╔══
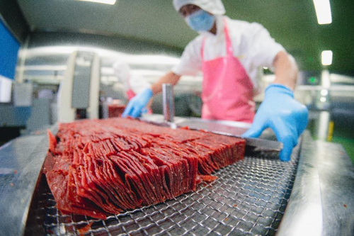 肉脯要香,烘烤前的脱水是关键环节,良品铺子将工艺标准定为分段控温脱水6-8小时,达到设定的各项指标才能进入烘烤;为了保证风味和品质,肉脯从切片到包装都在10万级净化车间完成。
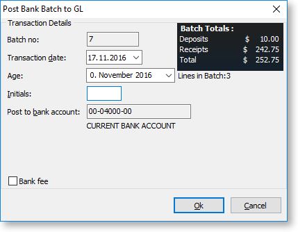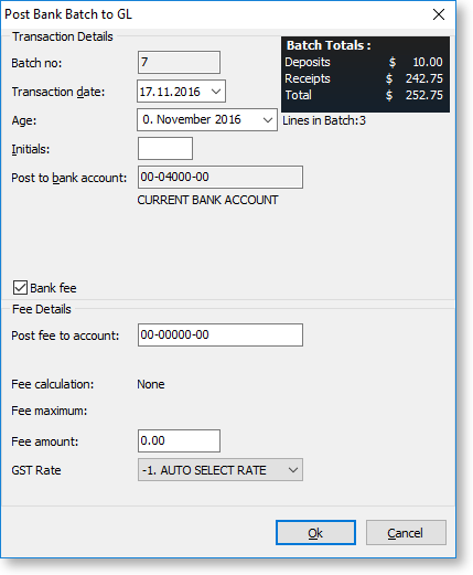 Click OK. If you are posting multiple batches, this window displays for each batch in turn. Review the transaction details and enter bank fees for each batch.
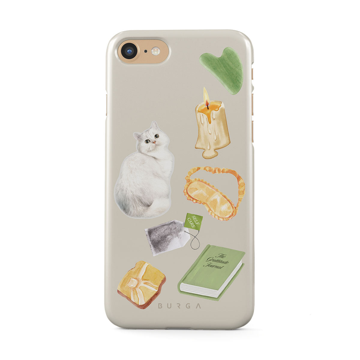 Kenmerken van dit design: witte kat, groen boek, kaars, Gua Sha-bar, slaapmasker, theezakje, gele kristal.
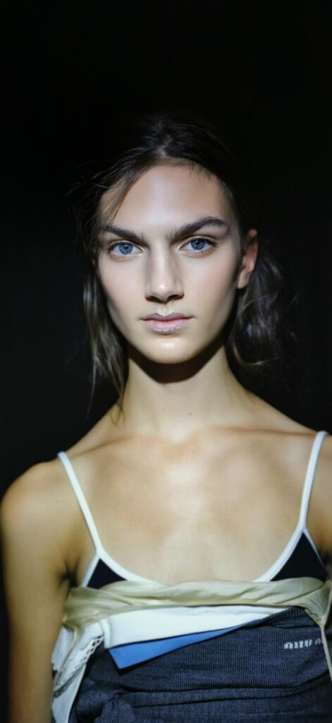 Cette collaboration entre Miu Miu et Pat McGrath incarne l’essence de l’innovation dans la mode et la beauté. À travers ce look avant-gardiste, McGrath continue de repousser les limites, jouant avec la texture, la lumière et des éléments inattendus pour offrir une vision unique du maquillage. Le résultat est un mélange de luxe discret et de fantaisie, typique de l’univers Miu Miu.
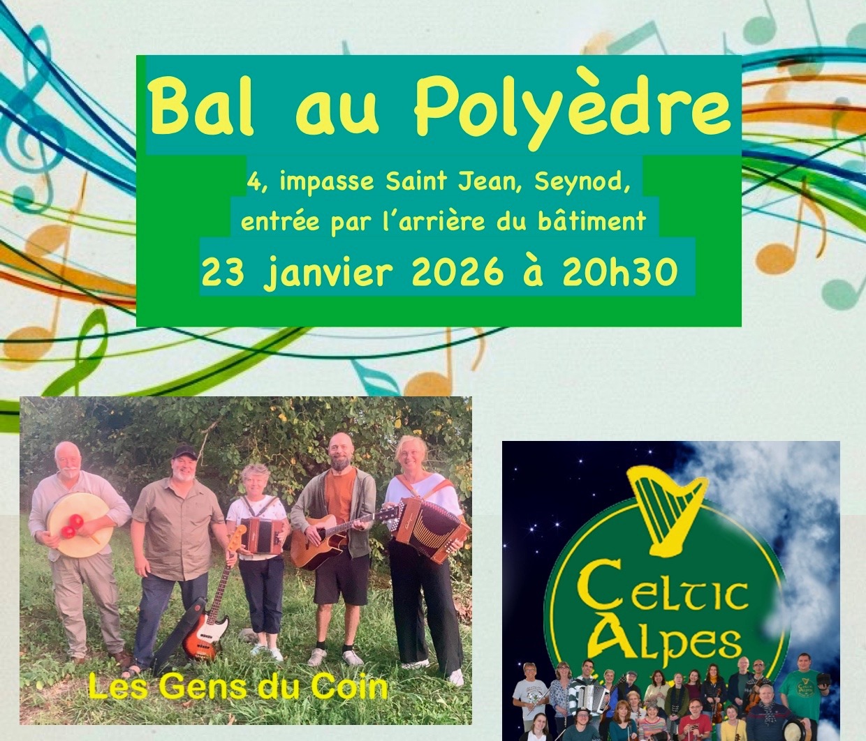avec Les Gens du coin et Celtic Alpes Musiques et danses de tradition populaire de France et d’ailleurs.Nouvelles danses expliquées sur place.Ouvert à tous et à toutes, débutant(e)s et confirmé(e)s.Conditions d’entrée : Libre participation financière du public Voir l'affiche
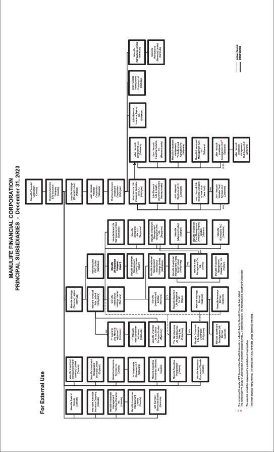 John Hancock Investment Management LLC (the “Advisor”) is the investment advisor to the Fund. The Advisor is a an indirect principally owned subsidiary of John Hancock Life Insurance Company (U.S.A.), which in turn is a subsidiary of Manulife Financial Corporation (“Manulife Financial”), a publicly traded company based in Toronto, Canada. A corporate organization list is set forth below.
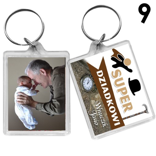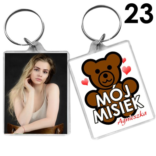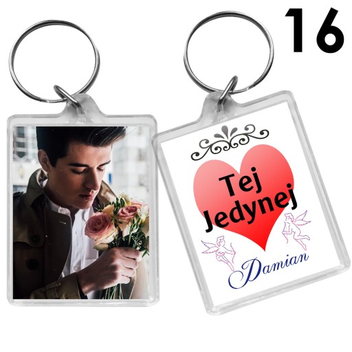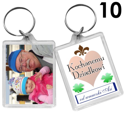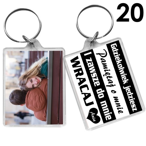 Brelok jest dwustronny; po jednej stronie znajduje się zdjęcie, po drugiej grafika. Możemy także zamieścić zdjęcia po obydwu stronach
╚══
Activity: The copy should hold exactly the lines from the one containing "Cette collaboration entre" through the final line of the records above, both ends included, and no picture.

Written answer:
 Cette collaboration entre Miu Miu et Pat McGrath incarne l’essence de l’innovation dans la mode et la beauté. À travers ce look avant-gardiste, McGrath continue de repousser les limites, jouant avec la texture, la lumière et des éléments inattendus pour offrir une vision unique du maquillage. Le résultat est un mélange de luxe discret et de fantaisie, typique de l’univers Miu Miu.
avec Les Gens du coin et Celtic Alpes Musiques et danses de tradition populaire de France et d’ailleurs.Nouvelles danses expliquées sur place.Ouvert à tous et à toutes, débutant(e)s et confirmé(e)s.Conditions d’entrée : Libre participation financière du public Voir l'affiche
 John Hancock Investment Management LLC (the “Advisor”) is the investment advisor to the Fund. The Advisor is a an indirect principally owned subsidiary of John Hancock Life Insurance Company (U.S.A.), which in turn is a subsidiary of Manulife Financial Corporation (“Manulife Financial”), a publicly traded company based in Toronto, Canada. A corporate organization list is set forth below.
 Brelok jest dwustronny; po jednej stronie znajduje się zdjęcie, po drugiej grafika. Możemy także zamieścić zdjęcia po obydwu stronach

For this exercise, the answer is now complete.